With the creation or continuation of a positive feedback loop for species that are intentionally transported, the resulting diversification in the native species transported from a source region will also diversify the transport of hitchhiking organisms associated with these species (e.g. the increasing diversity of zoonotic diseases as the global wildlife trade expands; Chomel et al. 2007). Beyond this example, however, it seems unlikely that positive feedback loops could arise for unintentionally collected organisms, such as plant seeds on clothing or arthropods within wooden pallets. Such feedbacks seem implausible given that people in the source region would have to purposefully increase their ability or propensity to collect and transport such species unintentionally based on changes in local biodiversity.

Transport coupling

Drivers of transport feedback loops

There is a well-established association between trade and travel intensity from source to recipient regions and the rate at which non-native species accumulate within recipient regions (Perrings et al. 2005; Hulme 2009; Seebens et al. 2017; Pyšek et al. 2020). A feedback loop can arise in this context if the effects of non-native species in the recipient region drive changes in policy, economics or human behaviour so that trade and travel from the source region either decreases (negative loop) or increases (positive loop). These feedbacks result in a concomitant reduction or acceleration of non-native introduction diversity or rates to the recipient region.

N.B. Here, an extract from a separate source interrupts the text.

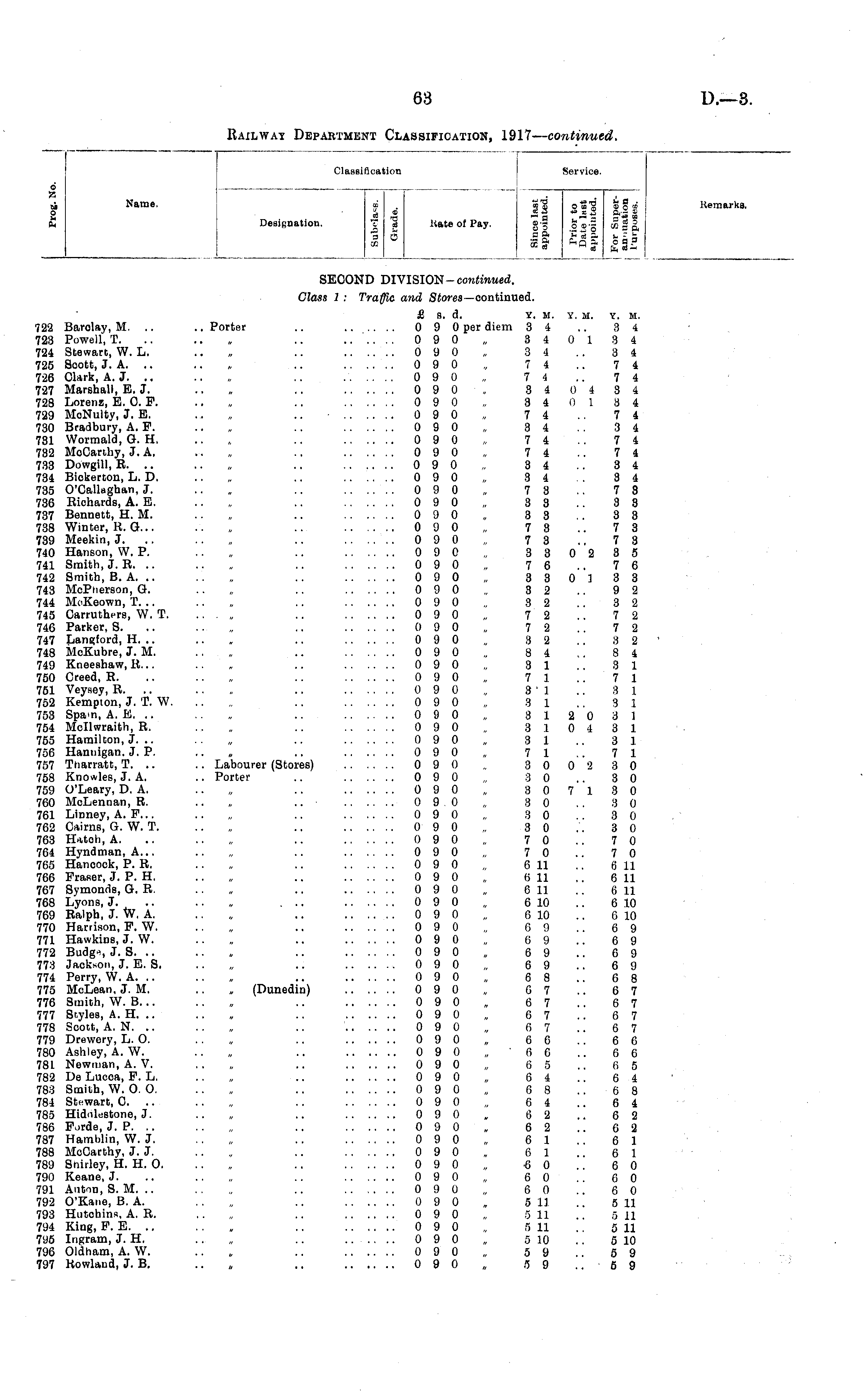Railway Department Classification, 1917— continued.

Transport negative feedbacks

Negative transport feedback loops occur when the economic, ecological or cultural costs of invasions in the recipient region incite a human response that reduces the diversity or quantity of species transported out of the source region. A full feedback loop results when this response is then adapted based on how effectively it prevented further invasions or invader effects. For example, the damage caused by multiple invasive species in New Zealand led to government adoption of strict biosecurity measures that limit the importation of novel non-native species from a variety of source regions (Jay et al. 2003). These measures, in turn, prompted industry and government agencies in source regions to impose or strengthen their own pre- or within-transport biosecurity measures, such as adoption of cargo or ballast treatment, so that their products can successfully pass border inspections. The feedback loop was completed when these regulations or incentives were further revised, depending upon whether non-native establishment and spread declined or when a new invader arose (Hayden and Whyte 2003).

Scheme 2.

Economic feedbacks from the recipient region could also affect non-native species transport if the damage caused by an invader shifts investments towards funding prevention methods that reduce the quantity or diversity of propagules that enter, survive or exit transport vectors (Lodge et al. 2009; Latombe et al. 2020). This feedback loop hinges on the relative costs and benefits of investing in measures that prevent initial introduction compared to focusing on control of already established non-natives or even not managing the invasion process at all. Biosecurity preventative measures could be favoured if, for instance, the costs of pre-introduction treatments are low (Hyytiäinen et al. 2013), the projected or known damage of an invader is high (Marbuah et al. 2014) and if policy-makers are willing to accept the uncertainties of preventing potential invaders over controlling known invaders (Finnoff et al. 2007). There is also a clear potential for a shift in the strength of this negative feedback loop over time. Prevention can be favoured if damage increases as an invasive species’ population increases or could be disfavoured if the invasive population declines. New technologies or refined risk assessments (e.g. Kumschick et al. 2020) could also alter the perceived costs versus benefits of investing in preventing non-native transport.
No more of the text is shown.